━━━ Source material ━━━

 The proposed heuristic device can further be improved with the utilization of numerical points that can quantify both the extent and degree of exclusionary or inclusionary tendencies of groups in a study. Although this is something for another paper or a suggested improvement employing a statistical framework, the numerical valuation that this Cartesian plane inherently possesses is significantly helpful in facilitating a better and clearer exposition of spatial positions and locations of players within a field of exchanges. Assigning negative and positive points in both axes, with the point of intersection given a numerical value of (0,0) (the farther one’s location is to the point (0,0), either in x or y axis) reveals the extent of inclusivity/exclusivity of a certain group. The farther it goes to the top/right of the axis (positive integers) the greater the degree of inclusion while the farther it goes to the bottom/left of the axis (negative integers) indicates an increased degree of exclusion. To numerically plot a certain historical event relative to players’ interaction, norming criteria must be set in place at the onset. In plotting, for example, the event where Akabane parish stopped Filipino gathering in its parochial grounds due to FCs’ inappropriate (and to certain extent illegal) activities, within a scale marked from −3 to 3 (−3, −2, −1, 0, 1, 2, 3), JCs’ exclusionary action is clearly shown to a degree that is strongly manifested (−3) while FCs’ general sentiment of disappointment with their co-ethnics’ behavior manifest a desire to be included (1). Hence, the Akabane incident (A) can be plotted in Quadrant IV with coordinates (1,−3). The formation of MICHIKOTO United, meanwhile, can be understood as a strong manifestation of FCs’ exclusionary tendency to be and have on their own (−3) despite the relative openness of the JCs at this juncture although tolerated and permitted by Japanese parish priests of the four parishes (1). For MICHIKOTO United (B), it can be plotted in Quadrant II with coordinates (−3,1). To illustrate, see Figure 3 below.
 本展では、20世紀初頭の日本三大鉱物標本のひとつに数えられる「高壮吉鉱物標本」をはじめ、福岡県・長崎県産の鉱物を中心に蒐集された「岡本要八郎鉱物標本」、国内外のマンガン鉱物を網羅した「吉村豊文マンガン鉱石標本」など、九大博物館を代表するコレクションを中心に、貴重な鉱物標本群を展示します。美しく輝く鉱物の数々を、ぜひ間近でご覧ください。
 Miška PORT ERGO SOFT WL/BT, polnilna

━━━

*What needs to be done*
Please reproduce the line containing "本展では、20世紀初頭の日本" and each line after it to the end of the listing, exactly, with nothing added or left out.

*Answer to this task*
 本展では、20世紀初頭の日本三大鉱物標本のひとつに数えられる「高壮吉鉱物標本」をはじめ、福岡県・長崎県産の鉱物を中心に蒐集された「岡本要八郎鉱物標本」、国内外のマンガン鉱物を網羅した「吉村豊文マンガン鉱石標本」など、九大博物館を代表するコレクションを中心に、貴重な鉱物標本群を展示します。美しく輝く鉱物の数々を、ぜひ間近でご覧ください。
 Miška PORT ERGO SOFT WL/BT, polnilna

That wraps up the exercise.